■ **Exercise instructions**
Repeat the data that follows in full. Do not include the pictures.

■ **Material for this task**
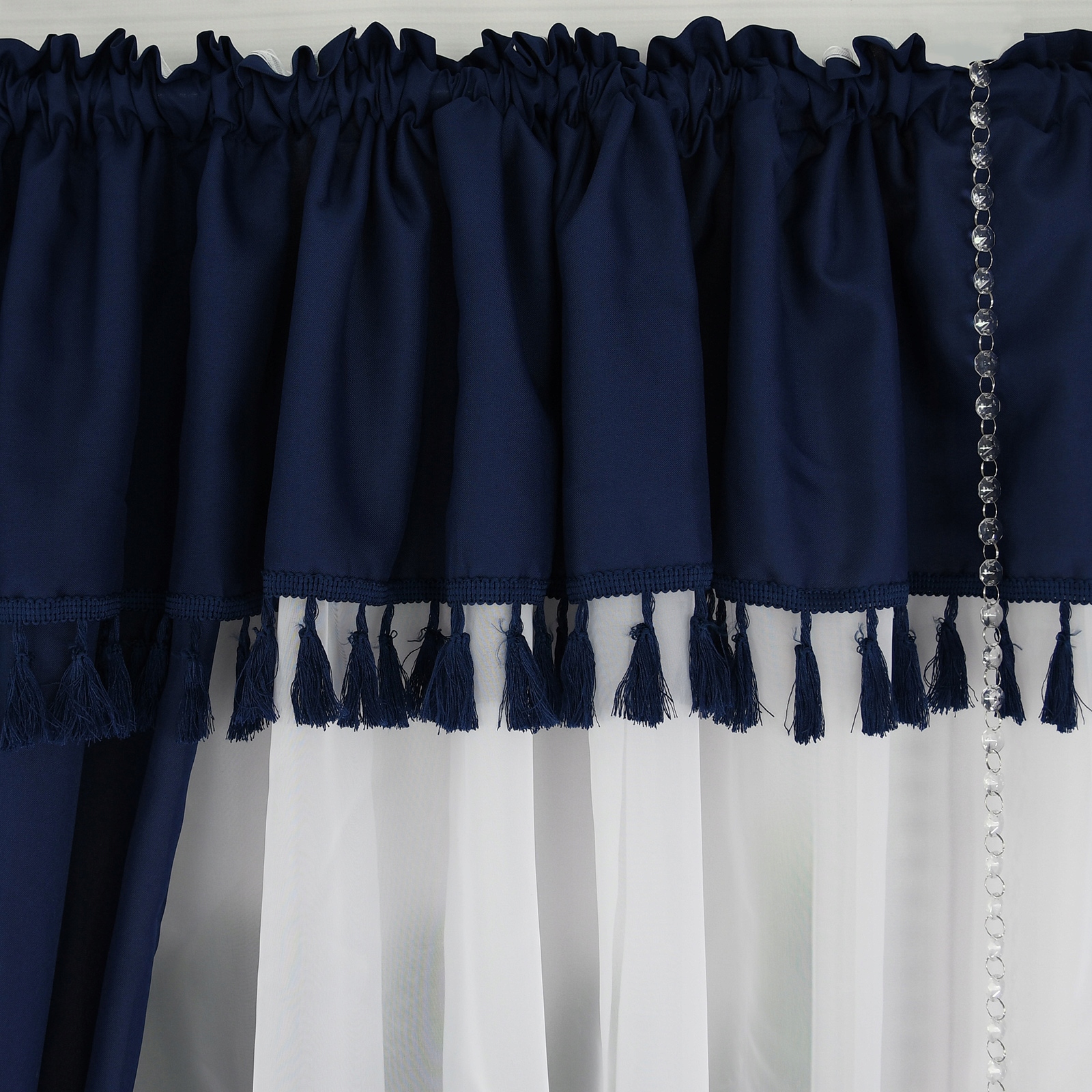 Шторы из портьерного материала, верхний ламбрекен украшен кистями (бахромой) в цвет штор.
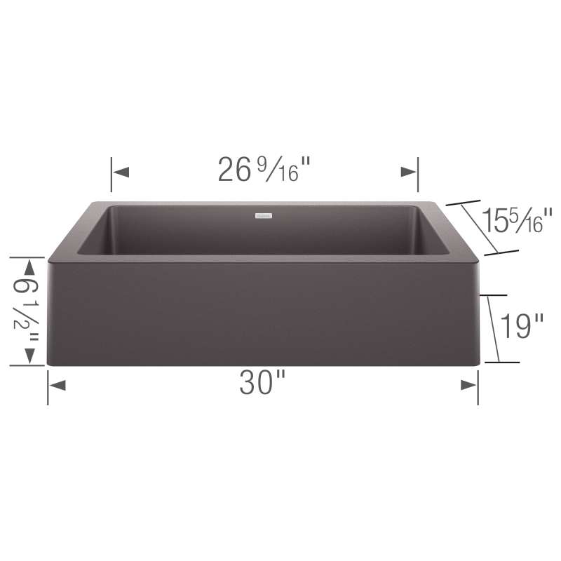 The VINTERA 30 kitchen sink provides a slim 6 1/2-inch apron and a generous 9-inch bowl depth. The VINTERA is a contemporary version of the farmhouse sink style with versatile installation capabilities, allowing for a unique flushmount placement. The VINTERA 30 fits into a standard base cabinet measuring 30 inches - the same width as the sink. This eliminates the need for custom cabinetry common with farmhouse sinks, making kitchen renovations easier. Made of BLANCO's patented SILGRANIT(R) composite material, VINTERA sinks are engineered to withstand heavy cookware and hot bakeware. Strong and beautiful, Silgranit sinks are available in a range of nature-inspired colors that effortlessly complement the latest kitchen trends. Combine the VINTERA 30" sink with a BLANCO faucet and accessories to create a BLANCO UNIT; a seamless, fully-integrated kitchen solution designed to transform kitchen chores into joyful experiences.
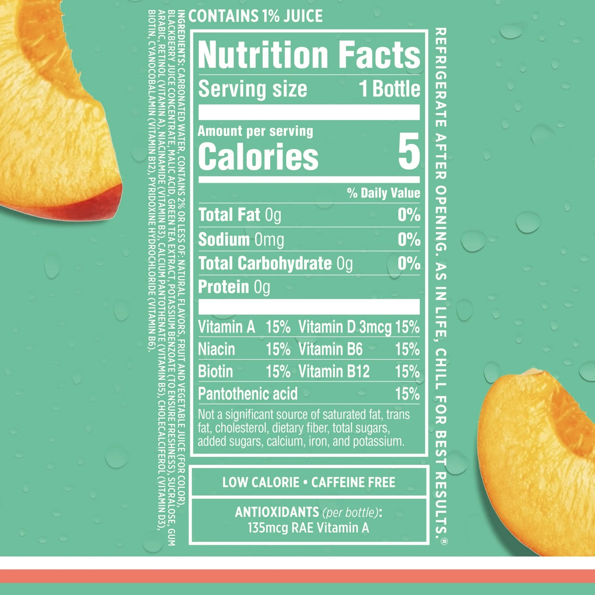 We’re not quite sure what the difference is between a peach and nectarine, but it doesn’t really matter—we ended up taking the best of both and made sweet, juicy bliss. Sparkling Ice Peach Nectarine is a fizzy, flavorful sparkling water, without all the calories. Sparkling Ice Peach Nectarine flavored sparkling water contains 0g sugar, only 5 calories per bottle, and 0g carbs. Made with better-for-you ingredients, this low-calorie carbonated water is bursting with real fruit flavor, is made with colors from natural sources, and contains vitamins and antioxidants. Enjoy Sparkling Ice as a mocktail or mix it with your drink of choice for a delicious, low calorie cocktail. Each sparkling water bottle contains 17 fl oz.
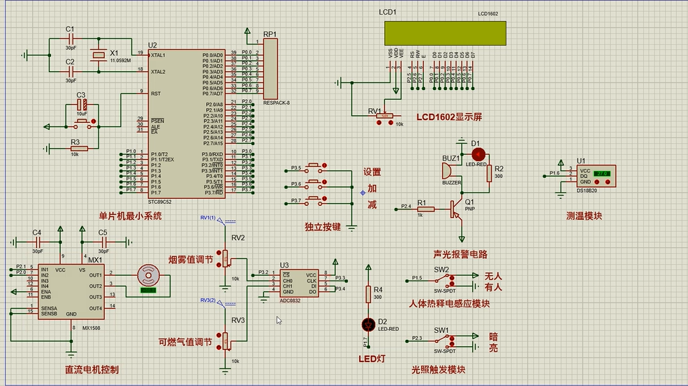 注意:部分实物元器件仿真中没有,仿真中会用其他工作原理相似的元件代替,这样可能导致实物程序和仿真程序不一样
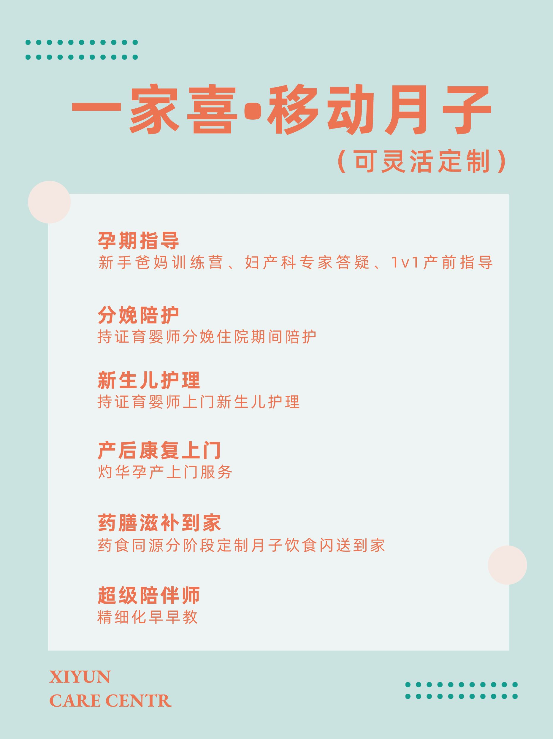喜孕“一家喜”移动月子服务

■ **Result**
 Шторы из портьерного материала, верхний ламбрекен украшен кистями (бахромой) в цвет штор.
 The VINTERA 30 kitchen sink provides a slim 6 1/2-inch apron and a generous 9-inch bowl depth. The VINTERA is a contemporary version of the farmhouse sink style with versatile installation capabilities, allowing for a unique flushmount placement. The VINTERA 30 fits into a standard base cabinet measuring 30 inches - the same width as the sink. This eliminates the need for custom cabinetry common with farmhouse sinks, making kitchen renovations easier. Made of BLANCO's patented SILGRANIT(R) composite material, VINTERA sinks are engineered to withstand heavy cookware and hot bakeware. Strong and beautiful, Silgranit sinks are available in a range of nature-inspired colors that effortlessly complement the latest kitchen trends. Combine the VINTERA 30" sink with a BLANCO faucet and accessories to create a BLANCO UNIT; a seamless, fully-integrated kitchen solution designed to transform kitchen chores into joyful experiences.
 We’re not quite sure what the difference is between a peach and nectarine, but it doesn’t really matter—we ended up taking the best of both and made sweet, juicy bliss. Sparkling Ice Peach Nectarine is a fizzy, flavorful sparkling water, without all the calories. Sparkling Ice Peach Nectarine flavored sparkling water contains 0g sugar, only 5 calories per bottle, and 0g carbs. Made with better-for-you ingredients, this low-calorie carbonated water is bursting with real fruit flavor, is made with colors from natural sources, and contains vitamins and antioxidants. Enjoy Sparkling Ice as a mocktail or mix it with your drink of choice for a delicious, low calorie cocktail. Each sparkling water bottle contains 17 fl oz.
 注意:部分实物元器件仿真中没有,仿真中会用其他工作原理相似的元件代替,这样可能导致实物程序和仿真程序不一样
喜孕“一家喜”移动月子服务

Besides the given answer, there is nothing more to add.